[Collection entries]
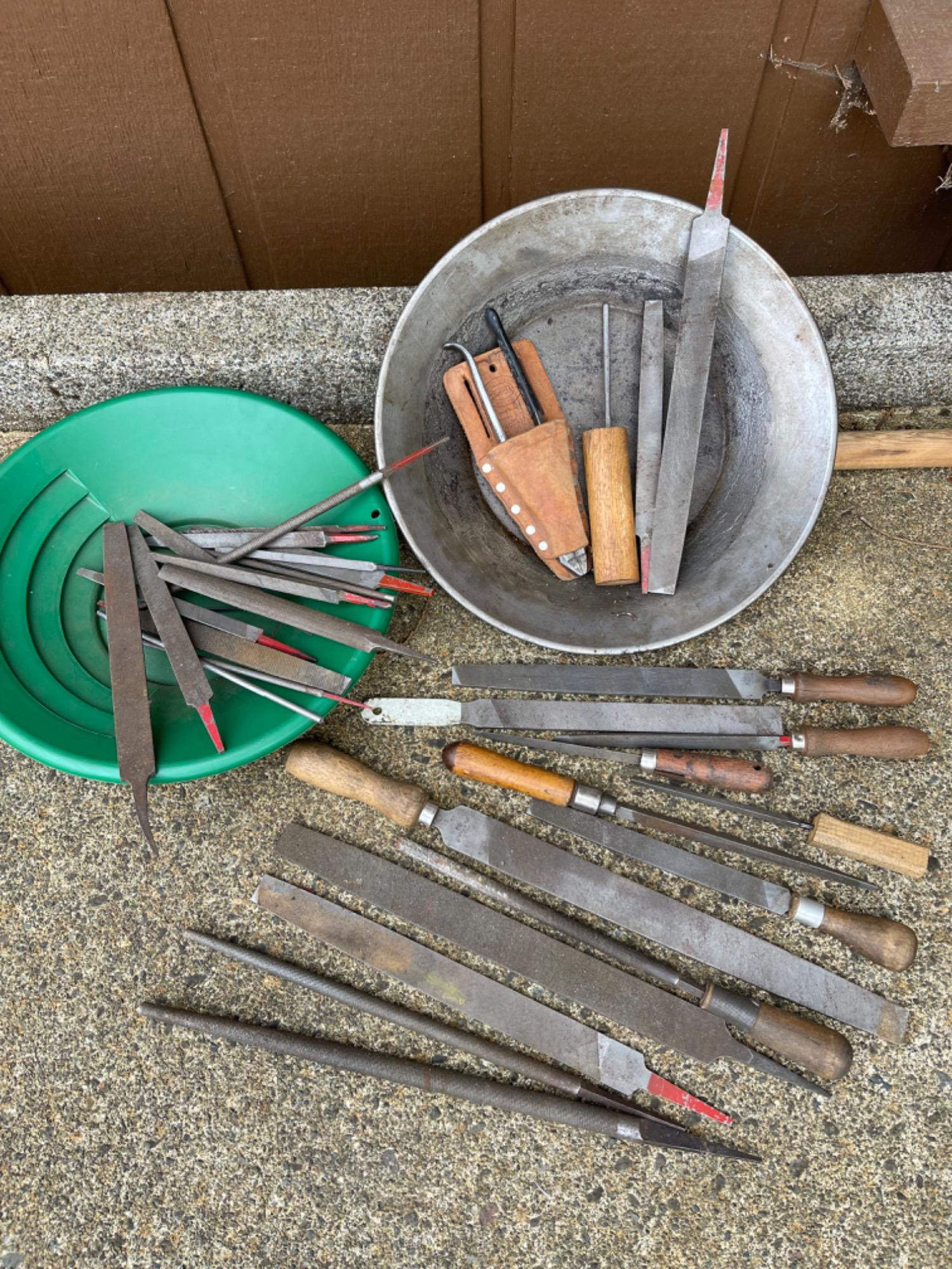 Assorted files (some antique) and Gold Mine Pans
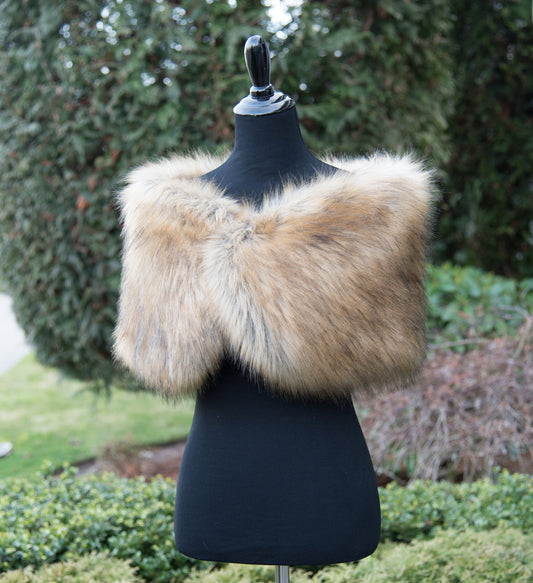 Brown faux fur wrap, faux fur stole high imitation, faux fur shawl, bridal wrap faux fur shrug B005-fox
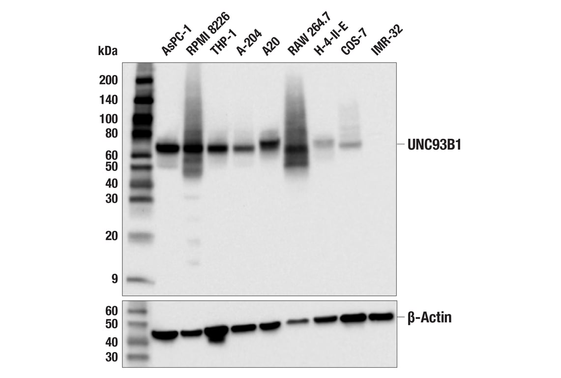 UNC93B1 (E4W2T) Rabbit Monoclonal Antibody recognizes endogenous levels of total UNC93B1 protein.
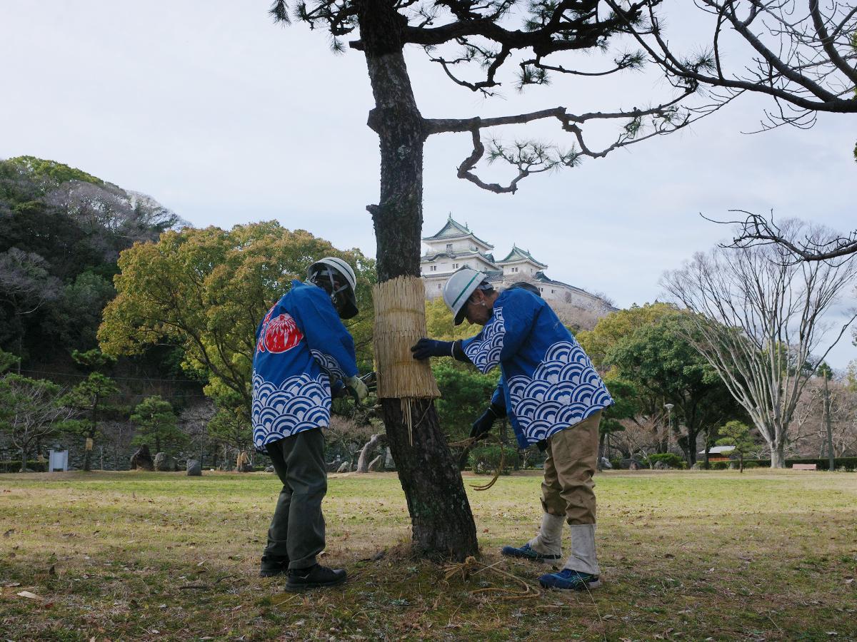マツの木の「こも外し」作業が3月5日、和歌山城公園(和歌山市一番丁)で行われた。
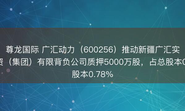 尊龙国际 广汇动力(600256)推动新疆广汇实业投资(集团)有限背负公司质押5000万股,占总股本0.78%
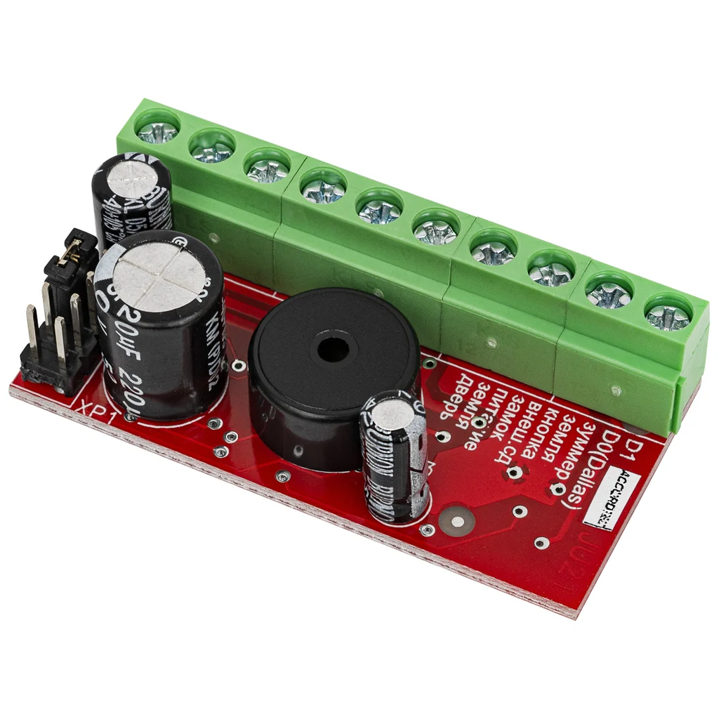 Контроллер оснащен встроенной световой и звуковой индикацией, что упрощает эксплуатацию и контроль состояния устройства. Дополнительно предусмотрено подключение внешних индикаторов и звукоизлучателей, что повышает информативность системы. Регулировка времени открывания замка в широком диапазоне позволяет адаптировать работу устройства под конкретные условия эксплуатации, будь то двери офисов, складов или других помещений.

Task -
Precisely those lines above that run from the line with "Brown faux fur" up to and including the line with "尊龙国际 广汇动力(6002" are to be set down, with the pictures omitted.

Solution for this exercise -
 Brown faux fur wrap, faux fur stole high imitation, faux fur shawl, bridal wrap faux fur shrug B005-fox
 UNC93B1 (E4W2T) Rabbit Monoclonal Antibody recognizes endogenous levels of total UNC93B1 protein.
マツの木の「こも外し」作業が3月5日、和歌山城公園(和歌山市一番丁)で行われた。
 尊龙国际 广汇动力(600256)推动新疆广汇实业投资(集团)有限背负公司质押5000万股,占总股本0.78%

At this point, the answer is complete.